** Opening Exercise material block **

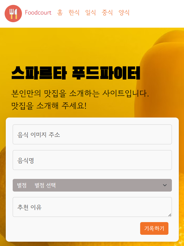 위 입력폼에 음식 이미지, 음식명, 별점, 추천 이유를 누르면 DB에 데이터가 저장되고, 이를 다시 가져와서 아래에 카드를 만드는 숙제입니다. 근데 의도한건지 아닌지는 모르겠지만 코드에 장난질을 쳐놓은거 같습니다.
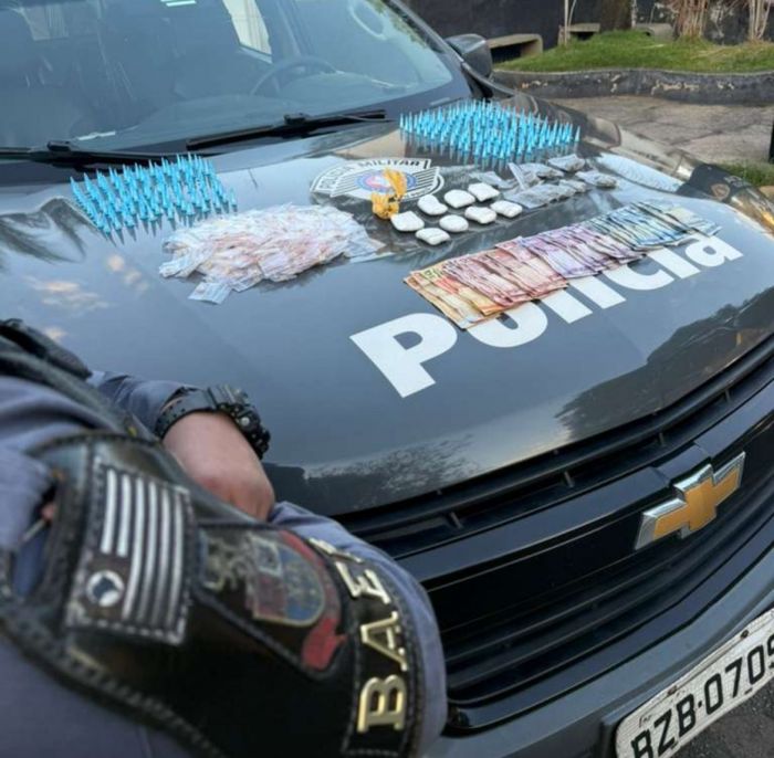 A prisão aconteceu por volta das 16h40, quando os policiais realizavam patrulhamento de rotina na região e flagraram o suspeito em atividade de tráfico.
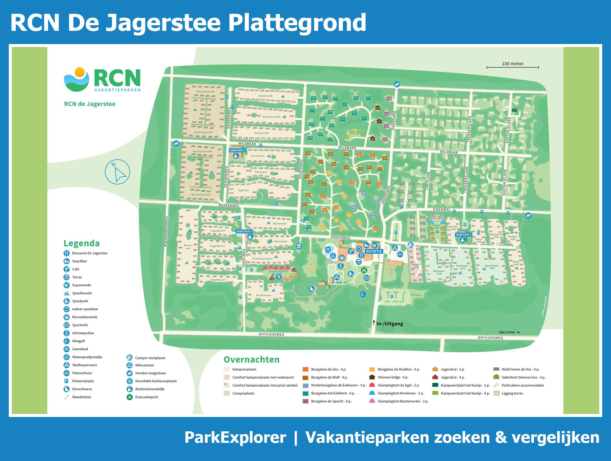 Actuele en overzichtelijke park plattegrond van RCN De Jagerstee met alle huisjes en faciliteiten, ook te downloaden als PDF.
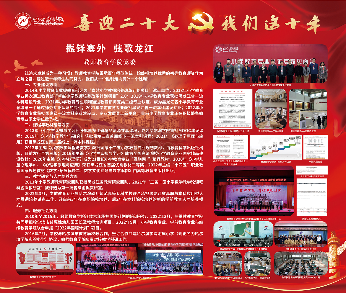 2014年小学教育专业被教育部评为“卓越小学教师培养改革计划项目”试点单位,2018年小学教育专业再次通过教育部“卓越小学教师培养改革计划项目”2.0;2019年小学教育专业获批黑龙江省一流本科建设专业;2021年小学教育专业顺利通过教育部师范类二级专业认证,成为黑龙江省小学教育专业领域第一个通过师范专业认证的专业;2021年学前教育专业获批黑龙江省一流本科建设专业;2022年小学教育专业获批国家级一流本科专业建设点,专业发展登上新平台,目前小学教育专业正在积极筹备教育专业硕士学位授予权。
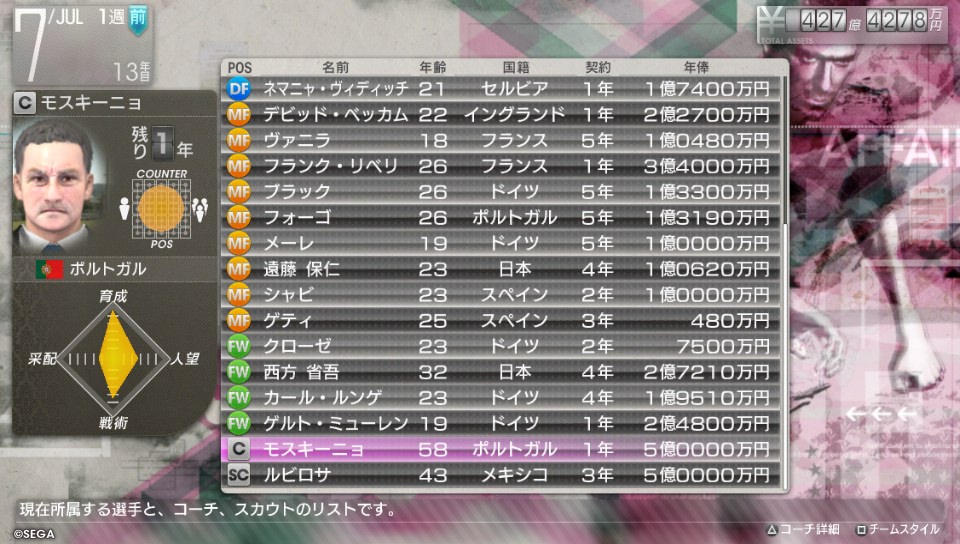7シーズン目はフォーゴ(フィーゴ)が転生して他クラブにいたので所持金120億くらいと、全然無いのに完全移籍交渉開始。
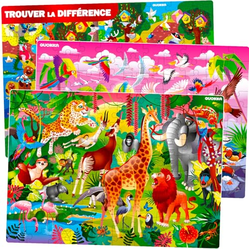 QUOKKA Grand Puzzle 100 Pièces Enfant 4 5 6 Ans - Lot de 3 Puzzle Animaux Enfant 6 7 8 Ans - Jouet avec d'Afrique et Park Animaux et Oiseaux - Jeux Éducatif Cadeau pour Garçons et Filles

** Closing Exercise material block **

■ What to produce ■
Reproduce the final stretch of lines exactly: the line containing "Actuele en overzichtelijke" through the last line of the data, both included. Pictures do not belong in the copy.

■ The answer ■
 Actuele en overzichtelijke park plattegrond van RCN De Jagerstee met alle huisjes en faciliteiten, ook te downloaden als PDF.
 2014年小学教育专业被教育部评为“卓越小学教师培养改革计划项目”试点单位,2018年小学教育专业再次通过教育部“卓越小学教师培养改革计划项目”2.0;2019年小学教育专业获批黑龙江省一流本科建设专业;2021年小学教育专业顺利通过教育部师范类二级专业认证,成为黑龙江省小学教育专业领域第一个通过师范专业认证的专业;2021年学前教育专业获批黑龙江省一流本科建设专业;2022年小学教育专业获批国家级一流本科专业建设点,专业发展登上新平台,目前小学教育专业正在积极筹备教育专业硕士学位授予权。
7シーズン目はフォーゴ(フィーゴ)が転生して他クラブにいたので所持金120億くらいと、全然無いのに完全移籍交渉開始。
 QUOKKA Grand Puzzle 100 Pièces Enfant 4 5 6 Ans - Lot de 3 Puzzle Animaux Enfant 6 7 8 Ans - Jouet avec d'Afrique et Park Animaux et Oiseaux - Jeux Éducatif Cadeau pour Garçons et Filles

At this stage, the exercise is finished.